This is written by Rachel, my sweet friend and Flying Free podcast sidekick.
I remember looking down at the book clutched in my hands as if it were a life-preserver. The words “Love and Respect” embossed with bold red type. I drank the opening paragraphs with thirst from a parched, confused mind.
This was my new hope. These words were going to be the answer. Everyone at church said so. It revealed a code for the secret to a happy marriage, found from the very pages of scripture! This formula was going to work. This time–I determined with gritted teeth–this would be what fulfilled my dreams for a happy, thriving marriage.
As the author set the stage to unveil his revelatory finding, he gave a small disclaimer in the opening pages. His formula would work, provided that you believe your spouse has goodwill toward you. (I’m recalling this from memory as I no longer own a copy of the book.)
The question of whether my spouse had goodwill toward me gave me pause. He was my husband. Wasn’t goodwill an automatic sentiment that came with “I do?”
I didn’t dare spend time questioning it, because that would lead to a path fraught with problems I wasn’t prepared to encounter. I was incapable of seeing the truth of how my husband treated me with clear eyes.
Instead, I substituted well-known cliches about marriage (“men just don’t do feelings well!”); together with excuses for him (He’s a strong-willed leader who has very specific ideas about the way things should be. What a blessing!”); and projections of my own mindset on to him (“I definitely have goodwill for him! I love him and want to give him everything he needs. He surely feels the same.)
I plunged ahead into the book, casting aside the rotten fruit of my husband’s behavior that indicated everything but goodwill. Behavior that included callous “jokes” about my body and my teeth. The fact that he never once apologized or took responsibility for anything. Ever. His inability to even look me in the eyes. Much more.

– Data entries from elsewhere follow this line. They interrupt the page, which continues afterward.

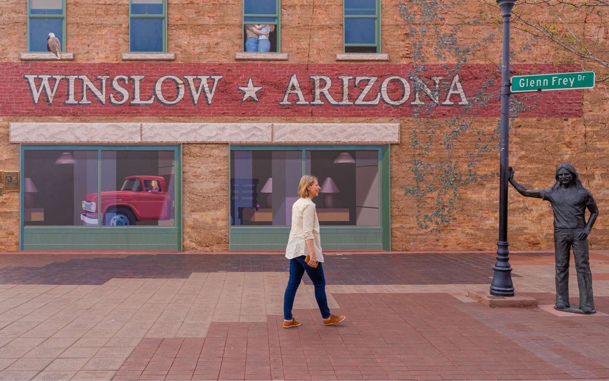 Yes, you can stand on the corner of Winslow, AZ! There’s a permanent Flatbed Ford and statue of Glenn Frey where visitors and locals alike stop to take a picture of the corner made famous in The Eagles debut single “Take it Easy.”
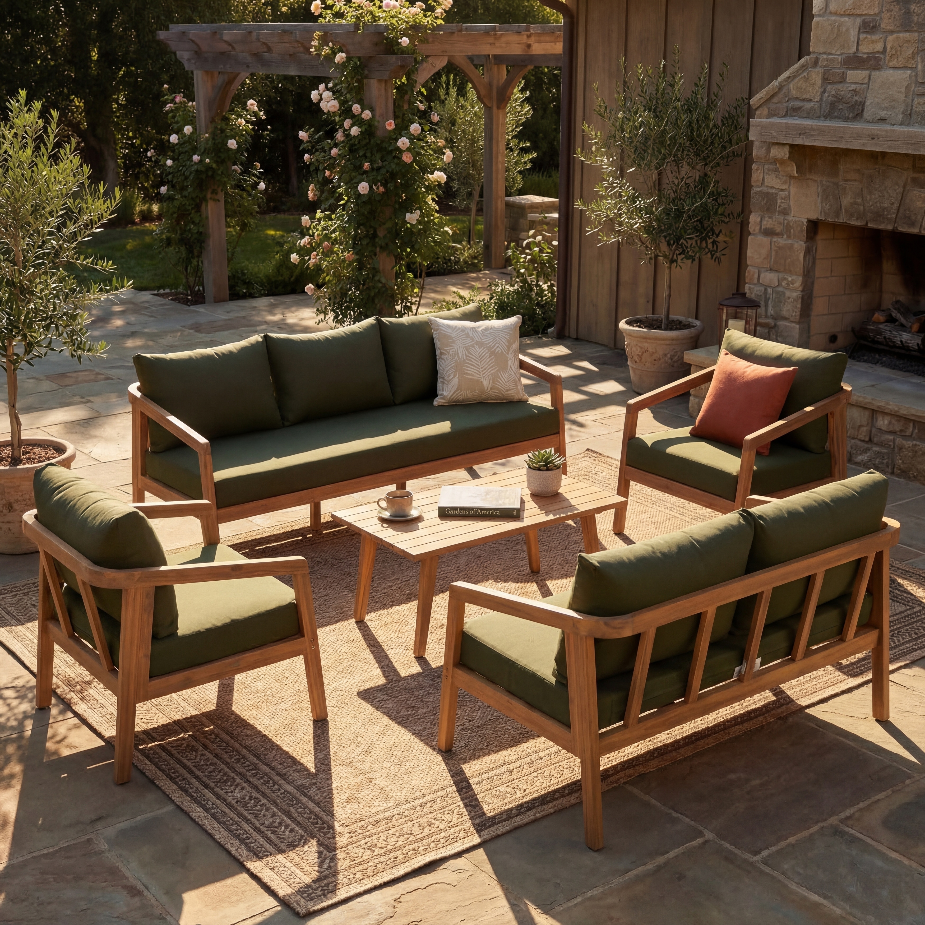 The Logan 5-Piece Teak Patio Conversation Set brings a perfect mix of style and comfort to your outdoor space.
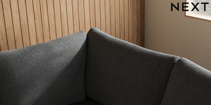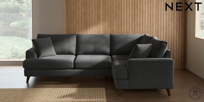 7.2.10 Buy Parker Medium Corner Sofa - Right Hand Chunky Texture Dark Grey Low Retro Tapered - Mid from the Next UK online shop Click here to use our accessible website
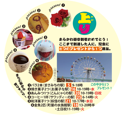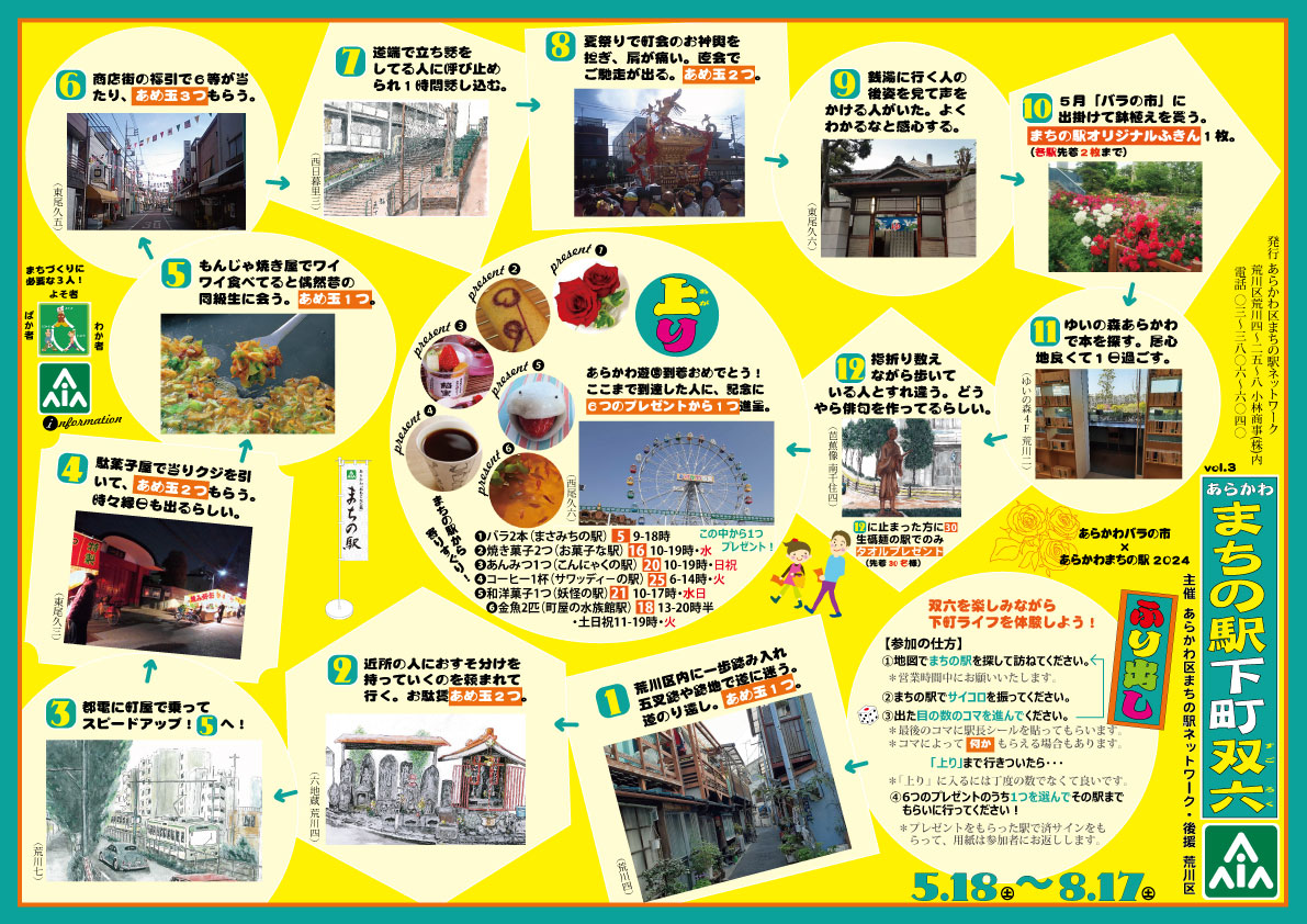 終了 あらかわ まちの駅下町双六 2024 2024年5月18日〜8月17日 2024年も「双六」vol.3を開催。参加者が振るサイコロの目の数によって、進み具合が違います。双六をしながら下町を体験できるまちの駅巡りイベント。コマによっては景品がありますし、「上り」でも選べるプレゼント進呈。「バラの市盛り上げ隊」にも参加しました。 主催:あらかわ区まちの駅ネットワーク 後援:荒川区 主催 あらかわ区まちの駅ネットワーク 後援 荒川区 イベント資料
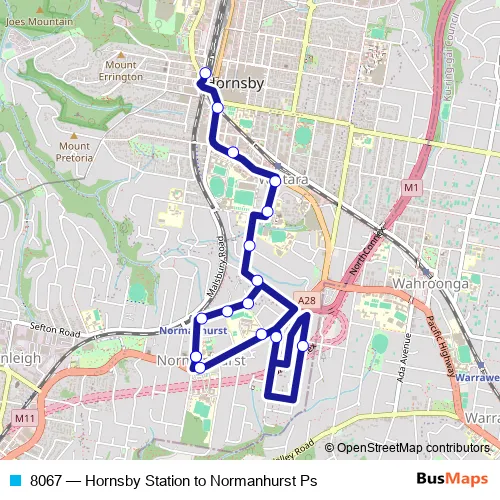 Click here to view the nearest 8067 - Hornsby Station to Normanhurst Ps bus stop.
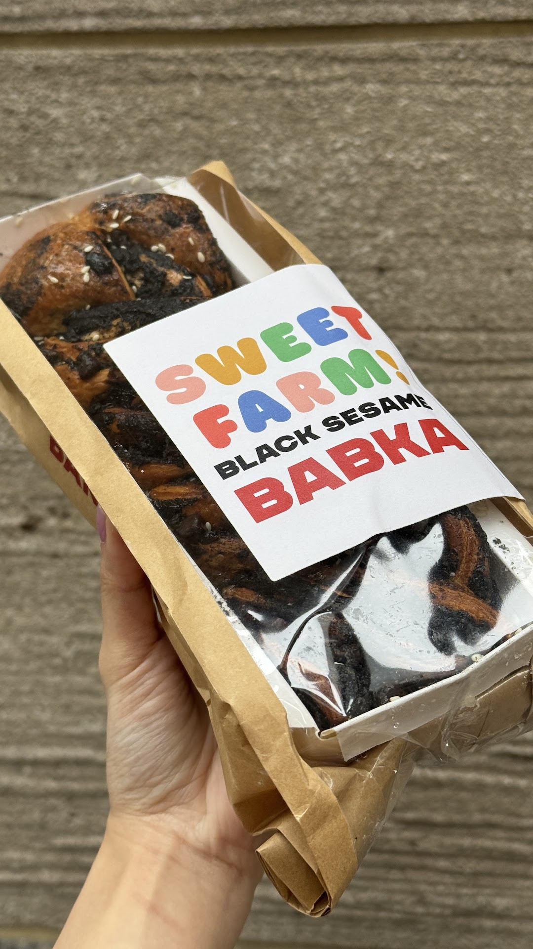ļ¼Black Sesame Babka ($17.50 each, $30 for two) They generously stuff the babka with so much black sesame paste. The rich, nutty black sesame filling pairs perfectly with the sweetness of slightly melted, crunchy chocolate. The top achieves a golden-brown, flaky perfection. The buttery and toasted flavor somehow reminds me of shredded coconut filling in hong kong style cocktail bun (éå°¾å ).
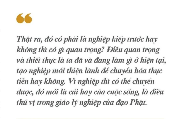 Thật ra, đó có phải là nghiệp kiếp trước hay không thì có gì quan trọng? Điều quan trọng và thiết thực là ta đã và đang làm gì ở hiện tại, tạo nghiệp mới thiện lành để chuyển hóa thực tiễn hay không. Vì nghiệp thì có thể chuyển được, đó mới là cái hay của cuộc sống, là điều thú vị trong giáo lý nghiệp của đạo Phật. Nếu Đức Phật cũng nói nghiệp như các vị ngoại đạo kia thì ta học theo Ngài để làm gì, vì nghiệp đâu có thay đổi được. Chính vì thế mỗi người học Phật, nên tìm hiểu và chiêm nghiệm sâu về những lời Đức Phật dạy để tránh những nhầm lẫn hay ngộ nhận đáng tiếc.
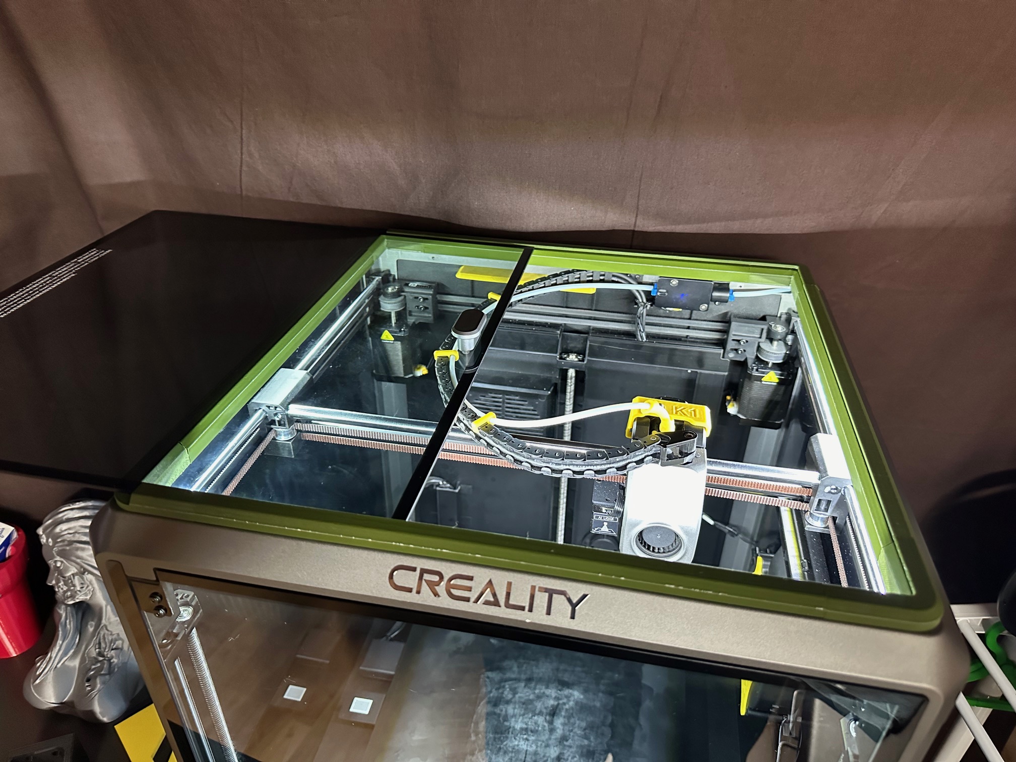Giải pháp nắp kính trượt cho K1 Max, thay vì tháo ra lắp vào phiền phức. Thiết kế này cho phép bạn dễ dàng mở nắp để đổi dây tóc hoặc in PLA, và đóng lại cho các loại dây tóc nhiệt độ cao mà không cần thao tác phức tạp. Có nhiều tùy chọn cho độ dày kính và chiều cao, phù hợp với mọi nhu cầu.
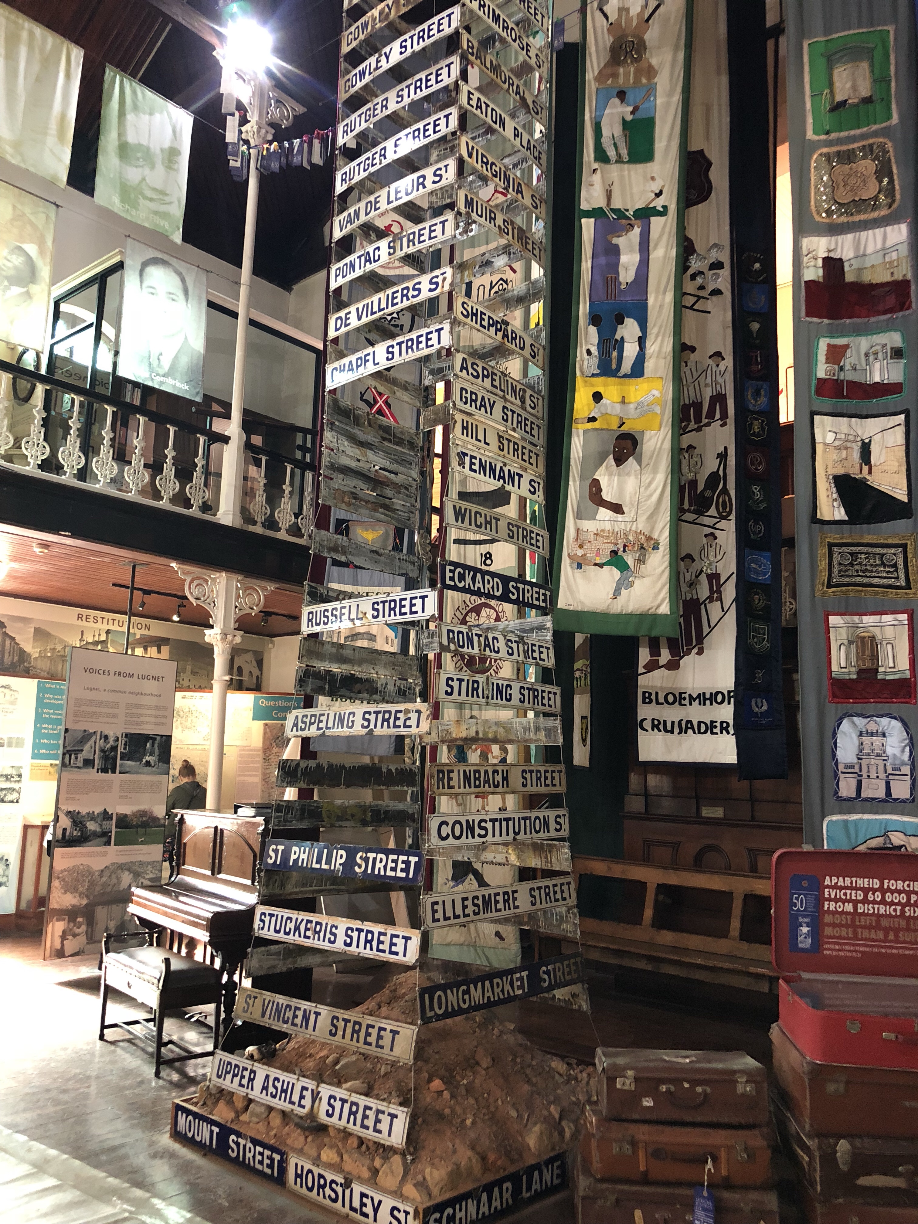 This museum detailed the forced eviction of the Black and Coloured people from District Six, a part of Cape Town. The local government forced the evacuation of thousands of people, declared the land they lived on as “white only” and then bulldozed their homes. It stuck me that this occurred in 1966, when I was 5. The parallels with what happened in Canada with Indigenous people were striking. It was a brutal but powerful museum. It told the story of the forced resettlement from the perspective of the resettled people and focused on how their lives changed with the stroke of a white man’s pen. They made this sculpture out of the street signs from the demolished areas
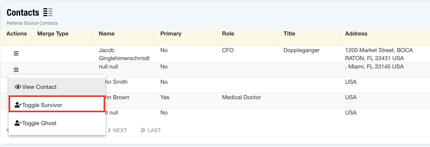 Next, select the context menu icon on the Referral Source contact record that you would like to designate as the Survivor.
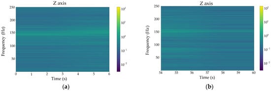 Spectrograms of the primary (a) and secondary (b) sensors from node 5 related to the third test.
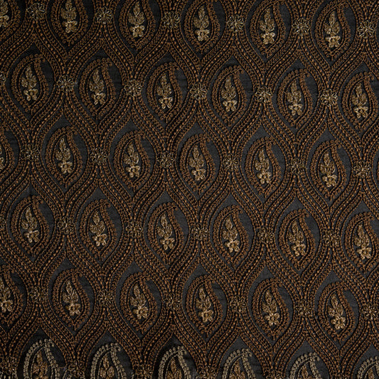 Aziz Black Viscose Georgette Embroidered Fabric in Jaal Pattern

I will allow Sheila Gregoire’s diligent work exposing Love and Respect’s flaws to speak for itself here. Suffice to share I’m one of the countless casualties of the book’s faulty reasoning. But it’s simply one in a long series of Christian marriage books that didn’t contain the answers for which I thirsted.
Why the Marriage Books Don’t Work When You Are in an Emotionally Abusive Relationship
That’s because abusive marriages operate on a different plane. Normal, difficult marriages have two sinful, but self-reflective humans involved. Abusive marriages involve one sinful, but self-reflective human, and one hardened, accusatory human.
That dichotomy of a soft heart subjected to a hard heart– goodwill exploited by ill will–is what makes marital abuse so gruesome.
As a fallible, yet soft-hearted spouse, I did everything I could to show love to my husband the way he told me he needed. Meanwhile, his hard-heartedness subversively exploited that tenderness.
As I implemented new ideas to fix our relationship, I made myself more vulnerable to his desires because that is what both he and the marriage advice told me to do. (“Give more of yourself!” “Marriage is hard, try harder!” “Go on more dates! Have more sex! Cater to his every wish!”)
The hard-heartedness of my husband snatched up these unguarded offerings and demanded more without turning an inch toward the needs that make me human. Instead, he communicated I was always asking too much and I needed to do more and do it better.
The hard-heartedness of my husband mined deeper and deeper into the soft soil of my heart, ruthlessly bent on gaining control of my precious resources for his own gratification.
The juxtaposition is breathtakingly shocking to consider.
My natural optimism pushed me to keep trying harder to do more for him. His manipulative selfishness took it all and scorned my pleas for care.
My Spirit given joy pulled me toward happy expression and light. His calloused contempt shut me down with words of malicious mockery.
My earnest love for him fueled my frantic desperation to make it all work. His self-seeking idolatry ratcheted up his cold-hearted demands.
In exchange for the sincerity and hope that inspired me to give him my best, he gave me ruins. Less than nothing. The dust of countless shattered dreams. Floods of anguished tears.
This was not a relationship. That is why the marriage books didn’t work. Reading those books was like scrutinizing a first aid manual hoping it would teach me to impart life to a rock.
The body of Christ has to wake up to the fact that goodwill is not a guarantee simply because there is a legal marriage contract in place. Hard-hearted abusers do not possess goodwill toward their spouse. They know only their own will, and that is the god they serve. This god coerces sacrifice after exploited offering from the very treasure entrusting herself to his care.
Thankfully, this is not where my story ends. I serve a different God now. He was always waiting, going before me, ready for me to turn my eyes from the false idol that demanded my devotion onto His loving face.
The words I cling to now are about God’s Word made flesh. I read with newly opened eyes from this book that contains strong language about hard-heartedness and oppression of the vulnerable. This book demonstrates how humble service and shrewd awareness of bad fruit is the key to being rightly related to one another.
This book tells of the safest Savior anyone can ever entrust her heart to. It gives me living water that satisfies my thirst for love and rest. No formulas or desperation needed.